◆ **Task goal**
Could you set down the listing below exactly, leaving out its pictures?

◆ **Data segment**
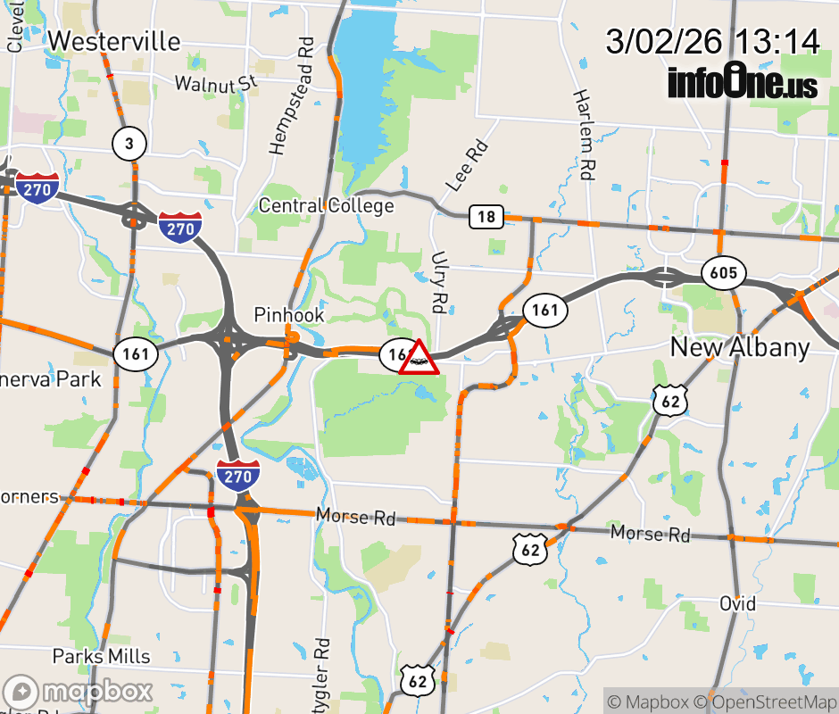The left shoulder is blocked on SR-161 West beyond Hamilton Rd, due to a crash. ![]() |
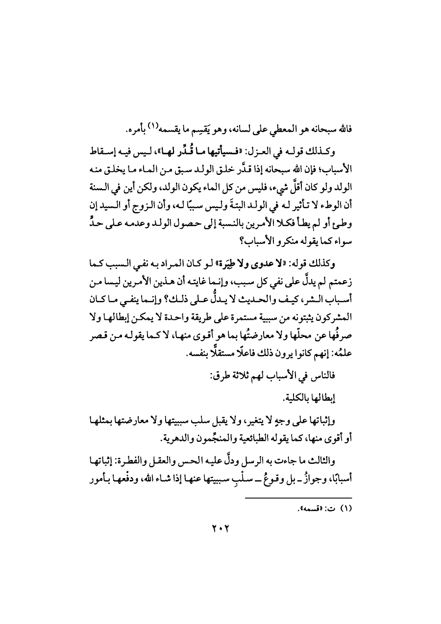 وكذلك قوله: «لا عدوى ولا طِيَرة» لو كان المراد به نفي السبب كما زعمتم لم يدلَّ على نفي كل سبب، وإنما غايته أن هذين الأمرين ليسا من أسباب الشر، كيف والحديث لا يدلُّ على ذلك؟ وإنما ينفي ما كان المشركون يثبتونه من سببية مستمرة على طريقة واحدة لا يمكن إبطالها ولا صرفُها عن محلّها ولا معارضتُها بما هو أقوى منها، لا كما يقوله من قصر علمُه: إنهم كانوا يرون ذلك فاعلًا مستقلًّا بنفسه.
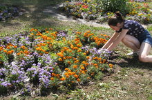 Учащиеся, посещающие ТОШ, ежедневно занимаются уходом за цветами в клумбах. Прежде всего, это прополка сорняков и полив цветов.
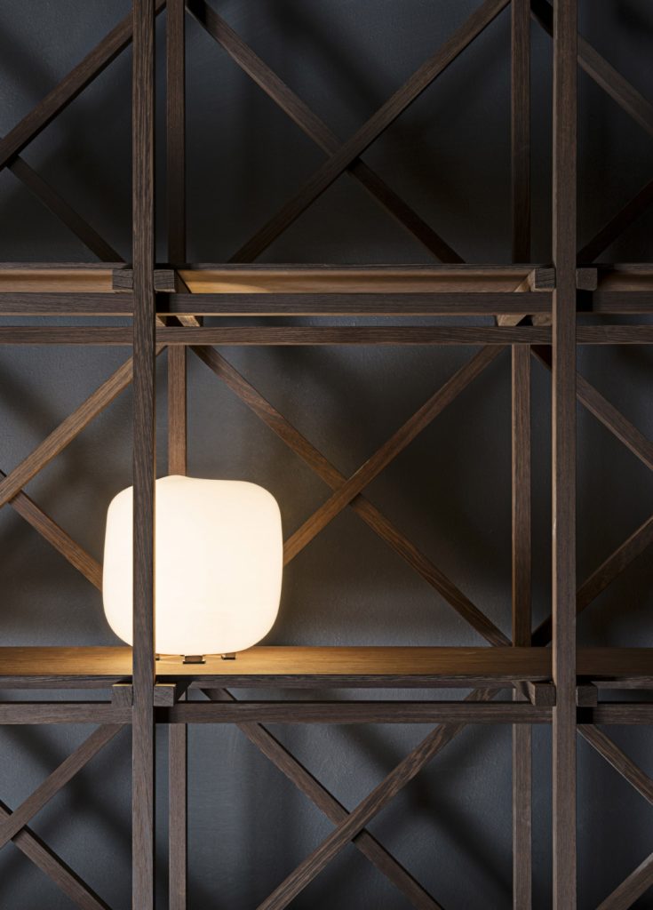 shelf made of solid wood beams in a brown tone with a lamp on it

◆ **Result of this exercise**
The left shoulder is blocked on SR-161 West beyond Hamilton Rd, due to a crash. ![]() |
 وكذلك قوله: «لا عدوى ولا طِيَرة» لو كان المراد به نفي السبب كما زعمتم لم يدلَّ على نفي كل سبب، وإنما غايته أن هذين الأمرين ليسا من أسباب الشر، كيف والحديث لا يدلُّ على ذلك؟ وإنما ينفي ما كان المشركون يثبتونه من سببية مستمرة على طريقة واحدة لا يمكن إبطالها ولا صرفُها عن محلّها ولا معارضتُها بما هو أقوى منها، لا كما يقوله من قصر علمُه: إنهم كانوا يرون ذلك فاعلًا مستقلًّا بنفسه.
 Учащиеся, посещающие ТОШ, ежедневно занимаются уходом за цветами в клумбах. Прежде всего, это прополка сорняков и полив цветов.
 shelf made of solid wood beams in a brown tone with a lamp on it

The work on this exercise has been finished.